#### Work item:
For the listing below, print exactly the lines from the line with "anello jn argento" to the line with "Blood Donation Poster", both included, and nothing beyond them.

#### Records for processing:
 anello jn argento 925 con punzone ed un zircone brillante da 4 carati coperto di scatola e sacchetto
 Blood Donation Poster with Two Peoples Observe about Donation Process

---

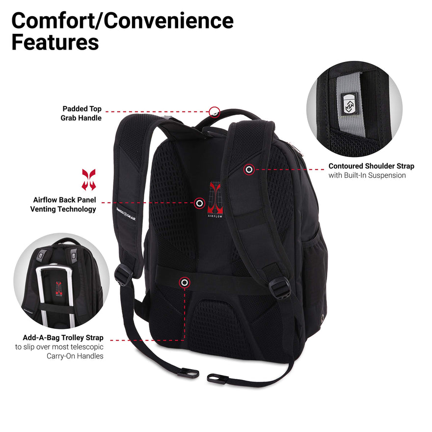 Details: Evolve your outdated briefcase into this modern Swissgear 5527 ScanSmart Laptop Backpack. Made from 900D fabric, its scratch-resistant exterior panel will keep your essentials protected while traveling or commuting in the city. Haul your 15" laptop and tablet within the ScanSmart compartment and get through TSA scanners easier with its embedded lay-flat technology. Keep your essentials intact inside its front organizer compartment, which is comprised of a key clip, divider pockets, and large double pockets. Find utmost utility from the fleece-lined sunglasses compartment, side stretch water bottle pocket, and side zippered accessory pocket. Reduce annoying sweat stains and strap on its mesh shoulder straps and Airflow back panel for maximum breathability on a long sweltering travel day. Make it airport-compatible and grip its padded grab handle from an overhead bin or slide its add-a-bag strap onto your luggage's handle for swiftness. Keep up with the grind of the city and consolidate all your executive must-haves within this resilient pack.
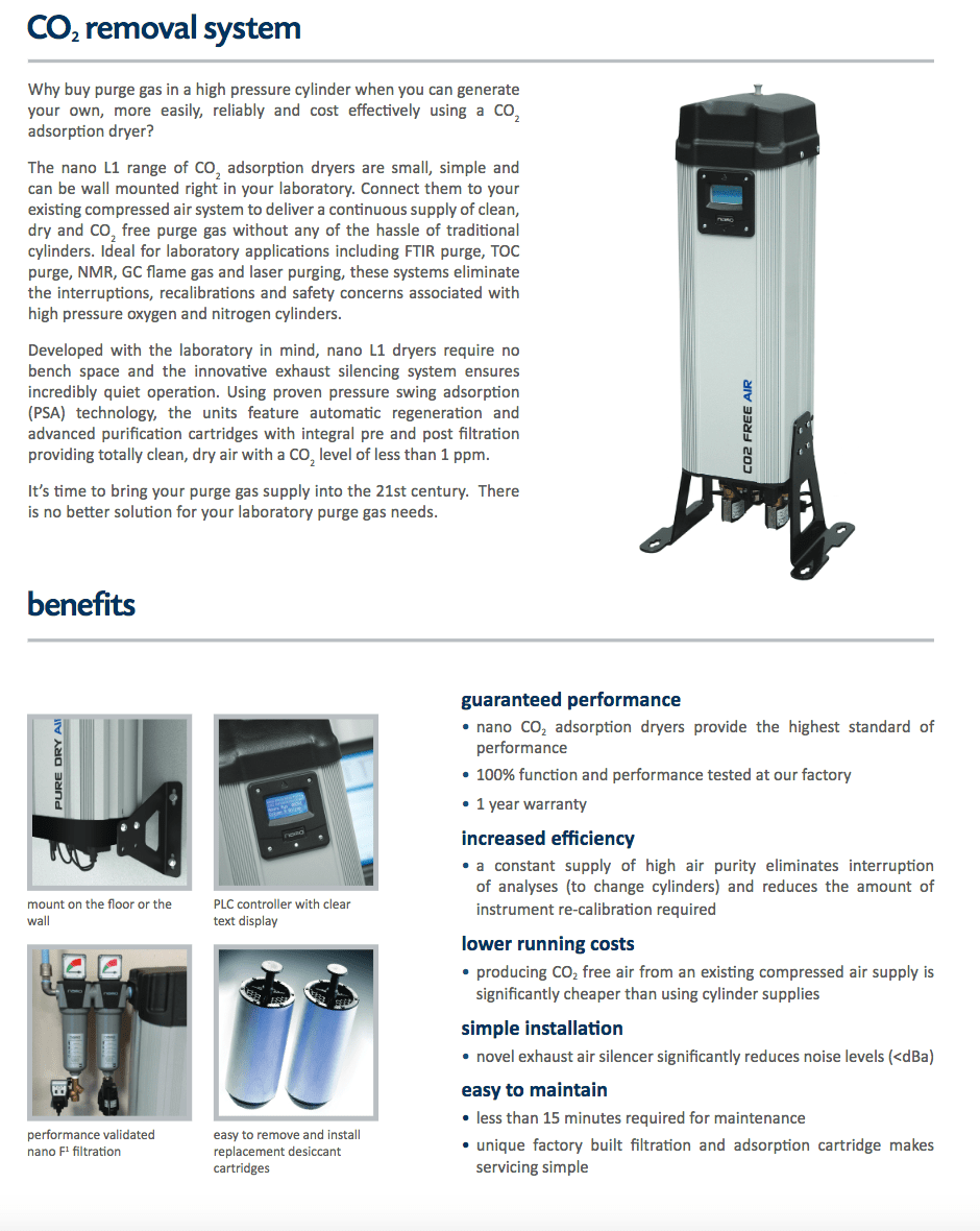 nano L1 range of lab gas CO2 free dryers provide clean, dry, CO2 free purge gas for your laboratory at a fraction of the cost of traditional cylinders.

==

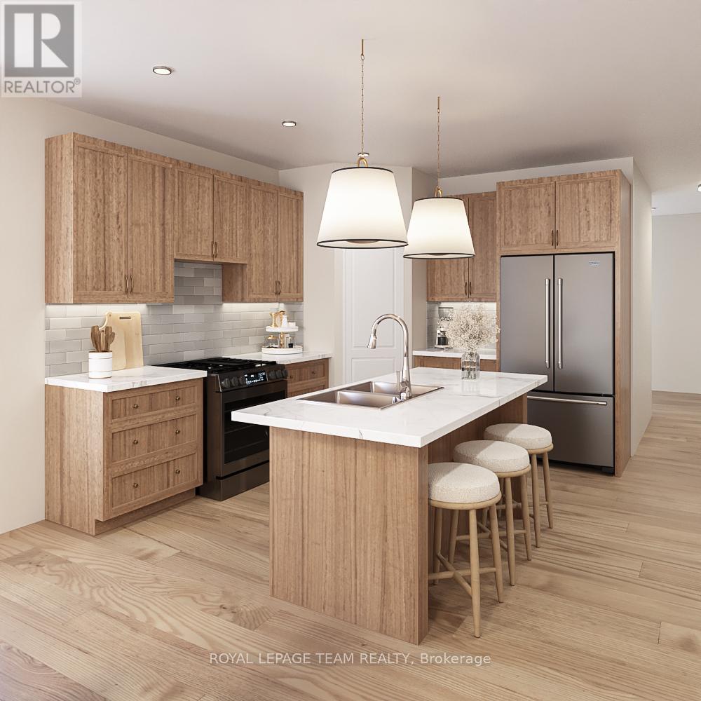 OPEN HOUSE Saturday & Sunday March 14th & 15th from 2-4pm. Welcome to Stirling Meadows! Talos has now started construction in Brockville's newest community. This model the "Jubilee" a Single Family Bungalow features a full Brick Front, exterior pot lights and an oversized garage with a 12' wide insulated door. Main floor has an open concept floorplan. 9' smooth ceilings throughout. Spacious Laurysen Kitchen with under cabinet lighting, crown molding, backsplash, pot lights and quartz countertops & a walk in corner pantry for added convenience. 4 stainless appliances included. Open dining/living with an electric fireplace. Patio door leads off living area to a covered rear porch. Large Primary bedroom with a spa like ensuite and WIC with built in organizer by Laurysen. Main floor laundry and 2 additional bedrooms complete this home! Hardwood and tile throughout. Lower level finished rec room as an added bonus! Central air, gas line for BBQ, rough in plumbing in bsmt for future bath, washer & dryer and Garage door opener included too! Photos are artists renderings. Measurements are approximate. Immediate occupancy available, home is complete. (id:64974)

#### Final answer:
 anello jn argento 925 con punzone ed un zircone brillante da 4 carati coperto di scatola e sacchetto
 Blood Donation Poster with Two Peoples Observe about Donation Process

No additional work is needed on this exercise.